Raising poultry on pasture
What’s pastured poultry?
A common way to raise pastured poultry involves putting 75 to 100 three- to four-week old meat chickens in movable pens during the growing season. These floorless 10′ by 12′ by 2′ pens are moved daily by sliding them along the ground, providing fresh pasture. Chickens also receive a grain-based ration. At 8-14 weeks, the chickens are butchered and sold to consumers or restaurants.
Why pastured poultry?
- Low capital investment
- Can start small and grow
- Strong demand
- Potential for extra farm income
- Can be run by one person
- Kids can help
- Provides sustainably produced meat
- Chickens build soil fertility
- Chickens attract customers for other products
How much money can I make with pastured poultry?
With a grant from the USDA Sustainable Agriculture Research and Education (SARE) program, CIAS studied five farms (four in Wisconsin and one in Minnesota) using the pastured poultry method described above.
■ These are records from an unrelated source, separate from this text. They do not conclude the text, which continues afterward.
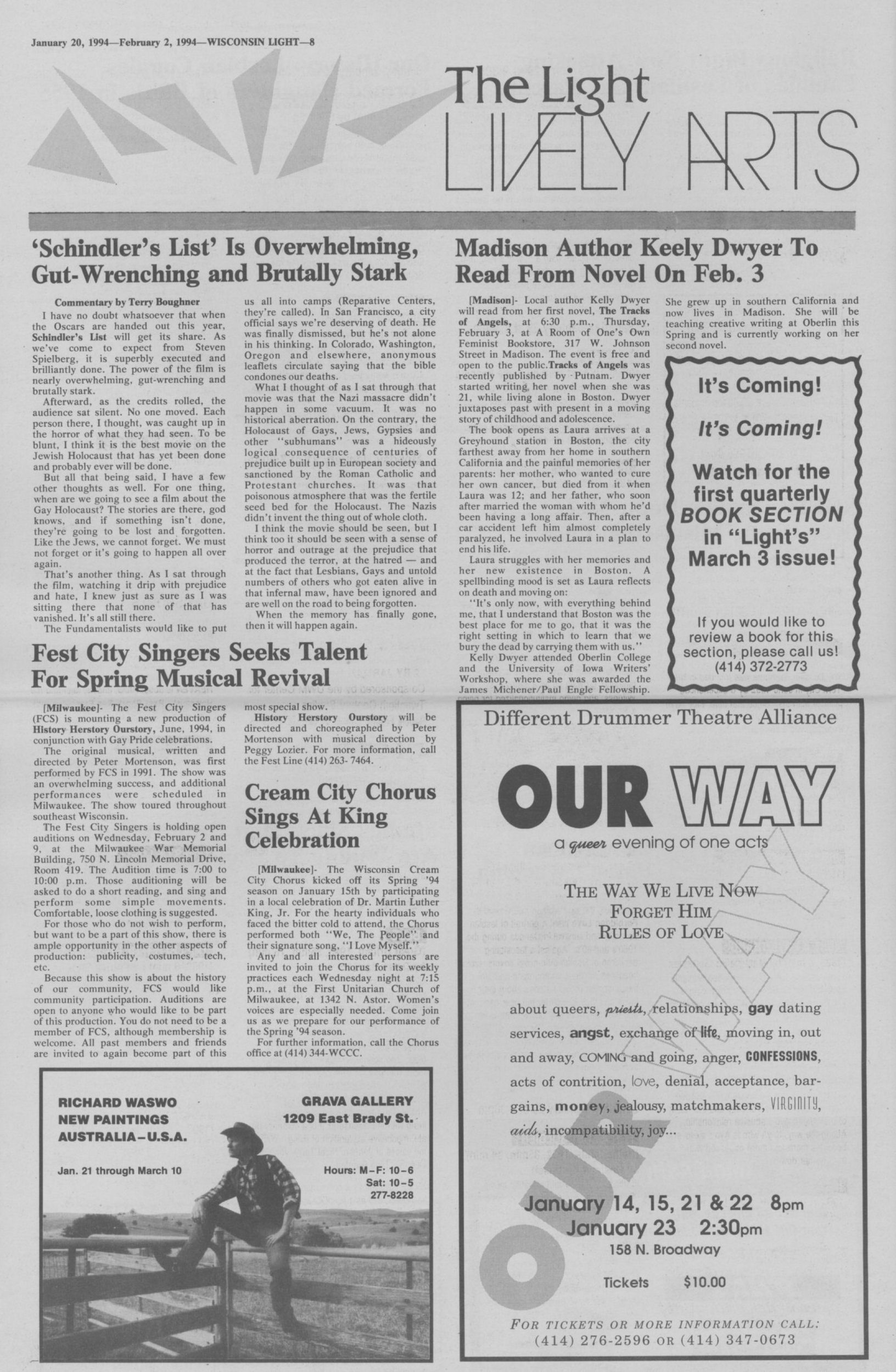 The Lively Arts: Fest City Singers seek talent for spring musical revival; Cream City Chorus to perform at Dr. Martin Luther King celebration; Madison author Keely Dwyer to read at A Room Of One's Own Feminist Bookstore
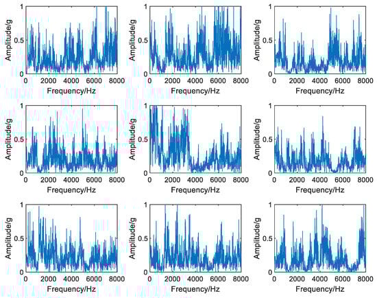 The normalized amplitude spectra in the frequency domain under each MCP state are shown in Figure 7, below. As can be seen from this figure, each normalized amplitude spectrum of an MCP under different states has its own characteristics, and several states can be identified with the naked eye, which is also the reason why in this paper we chose to extract MCP features from frequency domain signals.
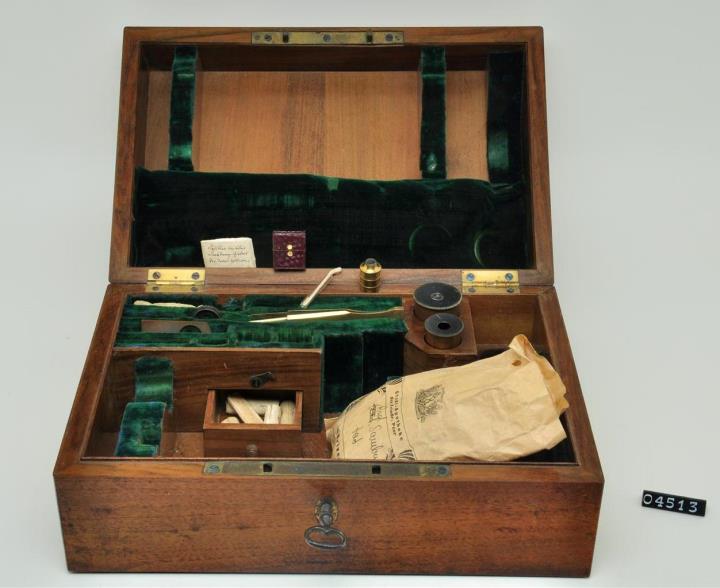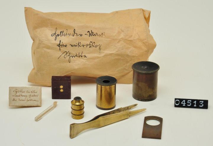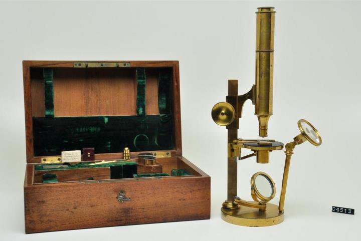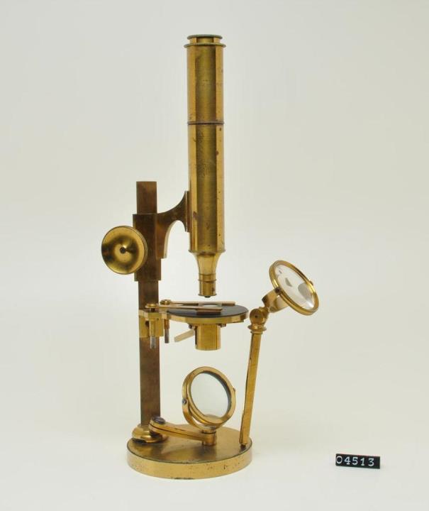 Mikroskop aus Messing mit abschließbarer Nußholzkassette der Firma Plößl Simon in Wien. Runder Fuß, dreieckige Messingtriebsäule mit eingelassener Zahnstange, rechtseitiger Grobtrieb, Beleuchtungshohlspiegel mit mattschwarzer Seite in kardanischer Aufhängung. Für Auflichtbeleuchtung Lupe auf höhenverstellbarem Stativ. Feststehender Objekttisch. Tisch für einschiebbare Blende und oben zwei Gasplättchenhalter aus Messing. Starrer Tubus mit Einschiebeschlitz für Maßeinteilungen. Verschiedenes Zubehör wie Okulare, Deckgläser Objektträger, Pinsel sowie Holunder-Mark für Mikroskop-Schnitte.

The farmers had 3 to 10 years of pastured poultry experience. Farmers charged an average of $1.90 per pound for the chickens and sold them from their farm, at farmers markets, and to restaurants.
Returns to labor and management were collected for four of the farms in 1997 and 1998 (see the table on below). The average annual net return per bird for all farms was $2.43, with a range that varied greatly from $-2.82 to $7.05. The average annual net return per farm for all farms was $3,580.25, with a range of $-1,609 to $11,040. While farms had similar overhead costs (buildings and land), their feed costs varied. Feed costs and experience level account for some of the variability in returns. The primary goal for the pastured poultry operation-whether monetary or something else (attracting customers, building soil fertility)-also explains the range.